There’s Far Less Bang in a Huawei Ban Now
New U.S.sanctions on China's biggest technology company will make its equipment less desirable anyway.
by Alex WebbIt’s easy to ban a product that’s difficult to get your hands on anyway.
That’s why Britain’s possible move to impose a stricter ban on Huawei Technologies Co. seems opportunistic, even if it does now make sense. It’s taking advantage of harsher U.S. sanctions on the Chinese telecoms-equipment giant to consider extending the U.K.’s halfway measures unveiled with great fanfare in January. A final decision will come after the government’s National Cyber Security Centre reviews implications for the security of the country’s phone networks.
Earlier this month, the U.S. imposed more stringent guidelines on Huawei, restricting any firm that uses American equipment from selling to the Chinese technology company without its approval.

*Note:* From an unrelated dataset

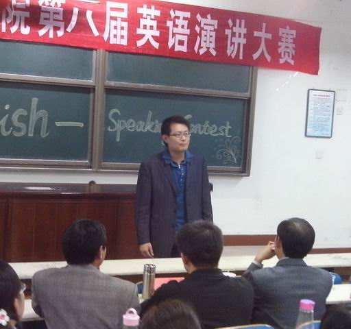 9月28日晚六点,太阳成集团tyc41183第八届英语演讲比赛决赛在我校3-205教室隆重举行。此次比赛由太阳成集团tyc41183教务处、学生处、团委、tyc41183太阳成集团主办,tyc41183太阳成集团团总支、学生会承办。校团委副书记王雪芳、外国语学副院院长杨道云、副书记李向东、英语系主任杨为明、大英二部主任董晓航、副主任李向民等参加了本次决赛。

That means Huawei won’t be able to get chips from companies such as Taiwan Semiconductor Manufacturing Co. because they’re likely made using machines from firms such as California-based Applied Materials Inc. So Huawei may effectively find itself cut off from access to the high-tech silicon it needs for its networking gear.

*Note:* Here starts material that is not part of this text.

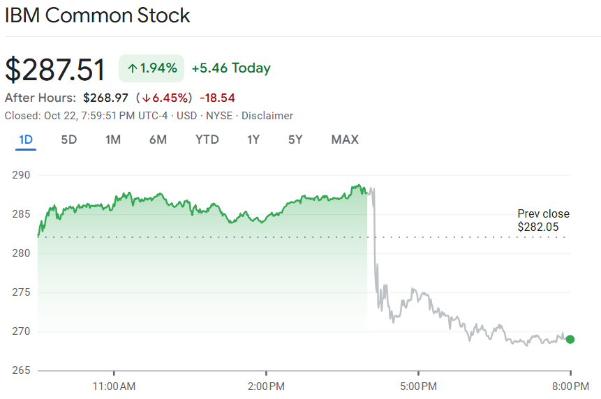 IBM a scăzut cu 6% miercuri în after hours, în ciuda rezultatelor trimestriale care au depășit așteptările. Motivul? Creșterea a fost considerată prea lentă. Compania prognozează o creștere a veniturilor în monedă constantă de peste 5% pentru întregul an – ceea ce presupune o încetinire față de creșterea de 7% din trimestrul curent.

This provides a convenient excuse for Prime Minister Boris Johnson’s government to revisit its more nuanced approach with regards to Huawei, which provoked U.S. ire in the midst of efforts to strike a new Anglo-American trade pact and a rebellion from a group of Conservative lawmakers.

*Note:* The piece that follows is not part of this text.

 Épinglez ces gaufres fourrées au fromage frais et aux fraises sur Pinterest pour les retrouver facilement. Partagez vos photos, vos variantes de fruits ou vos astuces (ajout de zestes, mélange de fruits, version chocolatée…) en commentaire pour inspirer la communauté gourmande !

Initially, in a break with the U.S., the U.K. had decided to retain some access to Huawei’s products for its carriers’ rollout of fiber-optic and fifth-generation mobile networks. It proposed capping the Chinese company’s share to 35% of non-sensitive parts of a mobile network in order to keep operators from being reliant on a Nordic duopoly of Ericsson AB and Nokia Oyj. Now ministers are drawing up proposals to reduce that share to zero.
The irony is that, given the recent U.S. measures, Huawei may find it very difficult to keep competing for orders. The company probably won’t be able to buy many of the chip sets it needs to make things such as wireless base stations. The quality of those products will suffer as it’s forced to seek out new suppliers, likely in China itself, where semiconductor technology is still playing catch-up. That could make carriers rethink who supplies their 5G equipment even before any national ban kicks in, according to Bloomberg Intelligence analyst Anthea Lai.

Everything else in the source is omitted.